(What you should do) Below, some lines carry pictures; leave those pictures out and retype exactly the lines from the one with "3月31日,据墨西哥格雷罗州" through the one with "具体来看,奇瑞品牌1月销售汽".

(Extracted data)
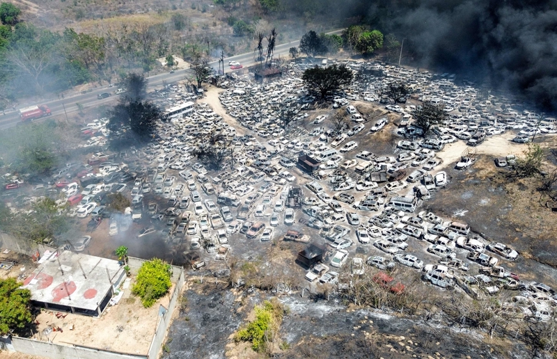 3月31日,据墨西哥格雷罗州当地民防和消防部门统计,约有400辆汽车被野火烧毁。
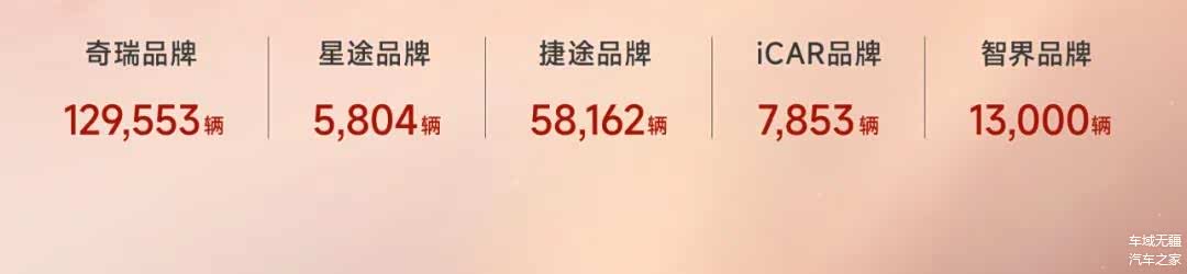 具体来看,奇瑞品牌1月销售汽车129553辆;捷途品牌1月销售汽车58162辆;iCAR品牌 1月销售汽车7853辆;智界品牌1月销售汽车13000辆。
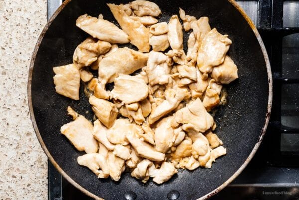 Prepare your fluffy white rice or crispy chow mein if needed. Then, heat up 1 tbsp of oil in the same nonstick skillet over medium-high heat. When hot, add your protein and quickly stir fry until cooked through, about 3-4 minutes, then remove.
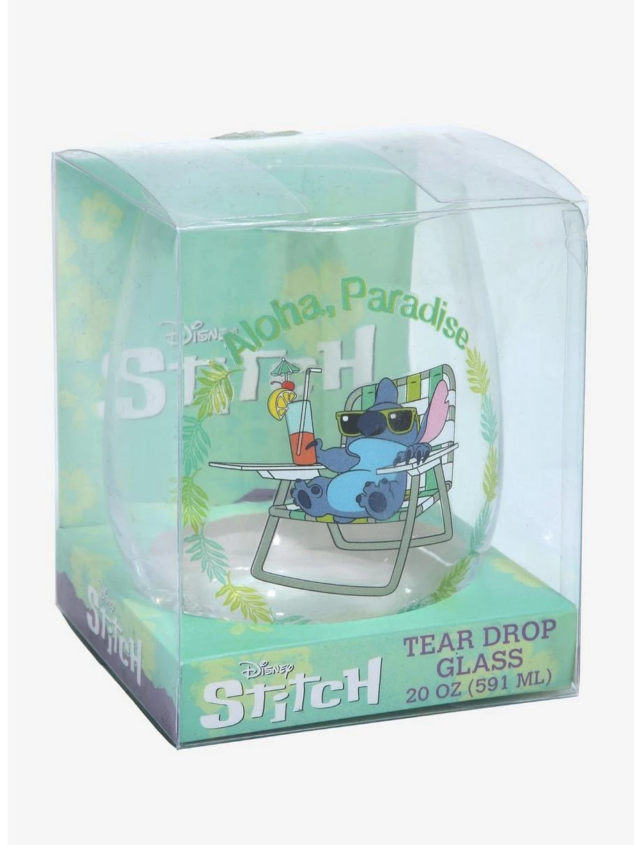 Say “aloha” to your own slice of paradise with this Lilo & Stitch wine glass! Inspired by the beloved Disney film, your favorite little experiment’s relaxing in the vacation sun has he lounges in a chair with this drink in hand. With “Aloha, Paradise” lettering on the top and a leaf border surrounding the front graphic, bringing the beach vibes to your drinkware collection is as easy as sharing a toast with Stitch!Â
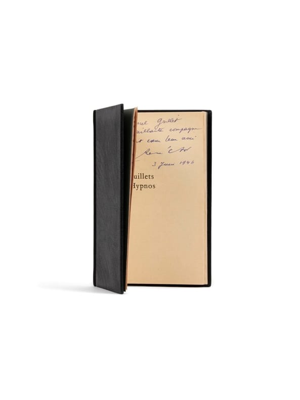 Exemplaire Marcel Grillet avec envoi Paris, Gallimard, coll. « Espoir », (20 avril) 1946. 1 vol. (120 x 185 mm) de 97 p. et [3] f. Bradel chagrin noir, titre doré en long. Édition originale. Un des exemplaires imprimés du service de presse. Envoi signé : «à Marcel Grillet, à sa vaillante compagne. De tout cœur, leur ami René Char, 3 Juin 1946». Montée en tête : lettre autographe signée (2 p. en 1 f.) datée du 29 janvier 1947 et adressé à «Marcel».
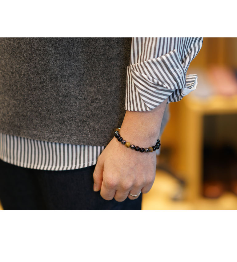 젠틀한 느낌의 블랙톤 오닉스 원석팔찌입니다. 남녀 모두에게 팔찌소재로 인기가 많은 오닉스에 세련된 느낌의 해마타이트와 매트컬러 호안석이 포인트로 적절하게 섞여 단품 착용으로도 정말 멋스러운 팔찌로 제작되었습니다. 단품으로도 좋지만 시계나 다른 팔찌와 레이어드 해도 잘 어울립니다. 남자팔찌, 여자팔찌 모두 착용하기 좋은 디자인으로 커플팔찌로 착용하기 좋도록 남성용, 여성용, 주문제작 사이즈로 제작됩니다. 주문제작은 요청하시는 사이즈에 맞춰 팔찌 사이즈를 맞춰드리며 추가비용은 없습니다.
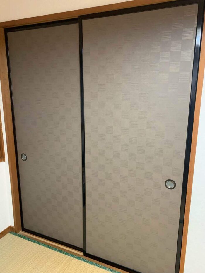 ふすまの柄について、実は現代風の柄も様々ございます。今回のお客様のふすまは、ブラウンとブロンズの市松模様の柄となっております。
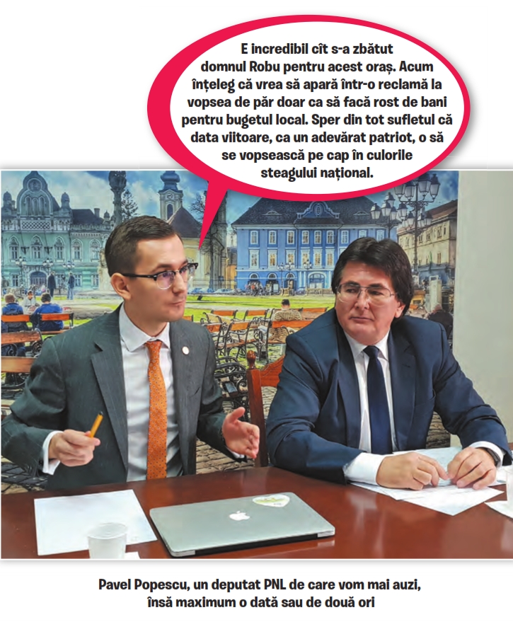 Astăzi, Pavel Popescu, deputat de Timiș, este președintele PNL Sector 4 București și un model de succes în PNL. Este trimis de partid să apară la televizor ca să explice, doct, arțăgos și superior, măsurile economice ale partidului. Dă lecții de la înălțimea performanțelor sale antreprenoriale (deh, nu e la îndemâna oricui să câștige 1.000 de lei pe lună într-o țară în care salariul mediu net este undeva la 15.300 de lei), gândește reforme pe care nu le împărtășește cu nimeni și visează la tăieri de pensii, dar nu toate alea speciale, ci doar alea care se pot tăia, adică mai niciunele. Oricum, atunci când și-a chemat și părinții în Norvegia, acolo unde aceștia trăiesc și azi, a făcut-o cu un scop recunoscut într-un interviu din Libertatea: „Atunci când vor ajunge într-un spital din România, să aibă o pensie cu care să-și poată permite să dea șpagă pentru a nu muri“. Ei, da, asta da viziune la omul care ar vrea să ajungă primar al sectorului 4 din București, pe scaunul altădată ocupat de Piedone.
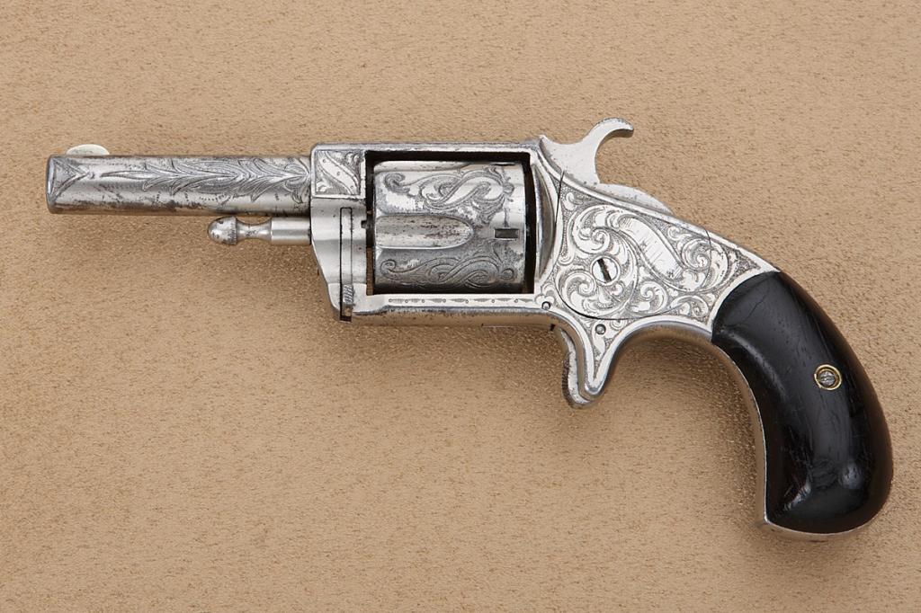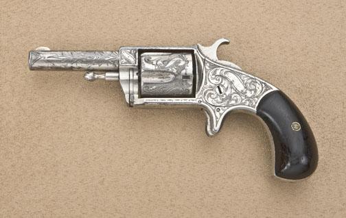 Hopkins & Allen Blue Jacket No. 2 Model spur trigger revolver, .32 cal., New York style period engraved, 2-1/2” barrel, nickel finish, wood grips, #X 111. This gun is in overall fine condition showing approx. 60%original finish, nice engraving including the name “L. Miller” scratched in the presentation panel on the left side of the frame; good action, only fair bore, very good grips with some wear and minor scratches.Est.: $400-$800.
==
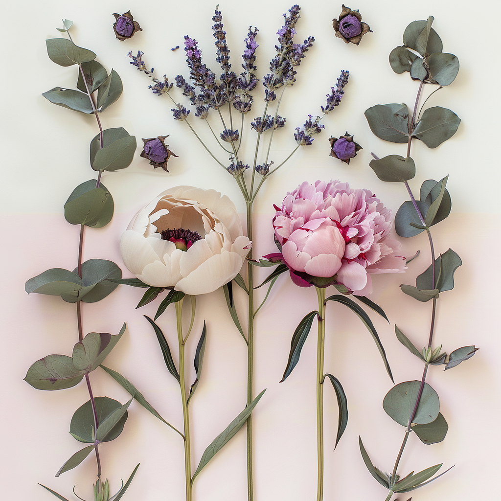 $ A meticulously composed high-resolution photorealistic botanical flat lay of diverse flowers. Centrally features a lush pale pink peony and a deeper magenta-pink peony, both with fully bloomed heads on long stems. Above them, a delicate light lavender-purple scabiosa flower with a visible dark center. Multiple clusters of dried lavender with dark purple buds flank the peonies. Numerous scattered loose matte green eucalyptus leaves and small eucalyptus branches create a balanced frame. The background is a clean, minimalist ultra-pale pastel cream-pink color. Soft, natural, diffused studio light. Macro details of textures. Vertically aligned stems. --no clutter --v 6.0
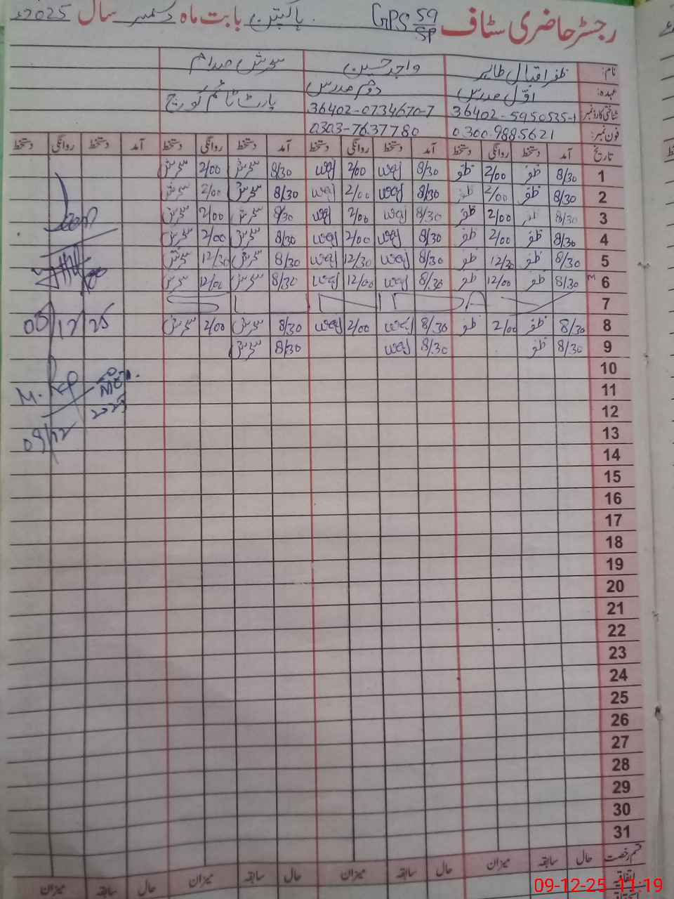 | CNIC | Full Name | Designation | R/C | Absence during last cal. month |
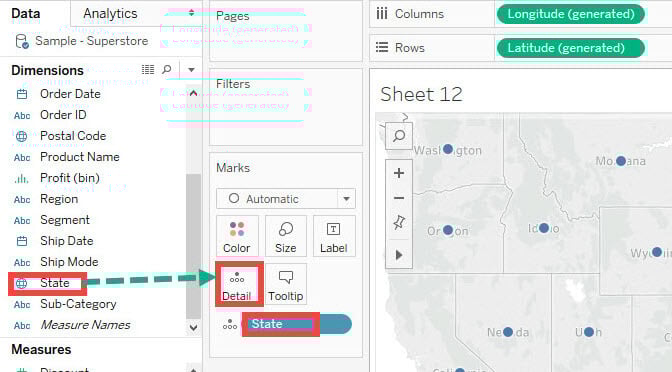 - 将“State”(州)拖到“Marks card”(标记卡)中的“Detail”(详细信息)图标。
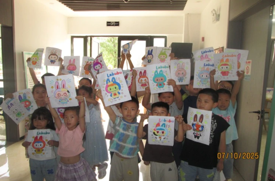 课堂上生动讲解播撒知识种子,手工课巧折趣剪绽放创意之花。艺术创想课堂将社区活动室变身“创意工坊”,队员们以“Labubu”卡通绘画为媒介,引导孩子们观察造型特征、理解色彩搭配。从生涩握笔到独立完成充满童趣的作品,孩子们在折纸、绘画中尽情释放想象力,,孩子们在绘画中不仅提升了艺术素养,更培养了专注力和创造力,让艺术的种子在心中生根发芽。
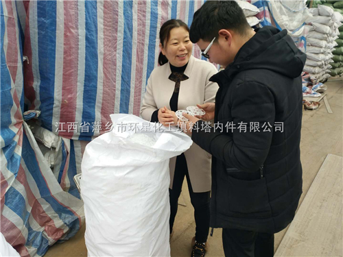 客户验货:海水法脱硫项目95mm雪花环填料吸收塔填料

(Answer space)
 3月31日,据墨西哥格雷罗州当地民防和消防部门统计,约有400辆汽车被野火烧毁。
 具体来看,奇瑞品牌1月销售汽车129553辆;捷途品牌1月销售汽车58162辆;iCAR品牌 1月销售汽车7853辆;智界品牌1月销售汽车13000辆。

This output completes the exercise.